I thought of Narendra Modi when I read about the row over Sarah Palin’s Facebook post of Trig, her six-year-old, stepping on the family dog to reach the kitchen sink. (For context, the child has Down’s Syndrome and Ms Palin’s original Facebook comment was the sort of anodyne, vaguely uplifting wish that is spread trowel-thick on social media in the holiday season. “May 2015 see every stumbling block turned into a stepping stone on the path forward,” Ms Palin wrote. She probably thought it a good idea to illustrate the message with Trig bravely stepping on the dog “on the path forward”. Onwards and upwards, especially for a child with special needs and a dog named Jill Hadassah (honestly, Ms Palin and her family seem to have a talent for choosing the most unusual names for animals and people).

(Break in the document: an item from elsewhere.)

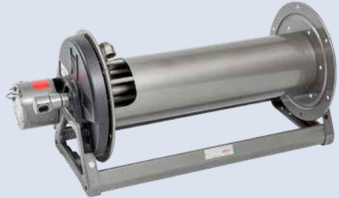
Standard configuration shown with Electric Rewind (E) option

PETA, the animal right’ campaigner, wasn’t amused. Or heartened. On Friday, it said in a statement that Ms Palin had “no apparent sympathy for the dog” and that the organization “along with everyone else, is used to the hard-hearted, seeming obliviousness of this bizarrely callous woman.”

This was contradictory, of course, because if PETA was used to Ms Palin’s callousness, it’s hard to understand why it thought the issue worthy of comment. But on to Mr Modi and dogs.

Remember when the then Gujarat chief minister used a puppy analogy while referring to the deaths of Muslims in his state in the 2002 riots? It was back in July 2013 that Mr Modi told Reuters: “Even If I am in the back seat of a car and a puppy (kutte ka bachcha) comes under the wheels, isn’t it painful? It is. Whether I am a chief minister or not, I am a human being – I will be sad if something bad happens anywhere.”

There was a storm of protest that he appeared to be comparing a whole community to dogs. (If I remember right, PETA didn’t react.) But it was a good illustration of how it’s generally bad news for politicians, to bring animals into the equation when making public comments. In 2007, former Massachusetts governor Mitt Romney was criticized after his son recounted that Mr Romney strapped the family’s Irish Setter to the car roof during road trips. It didn’t help Mr Romney’s bid for the White House.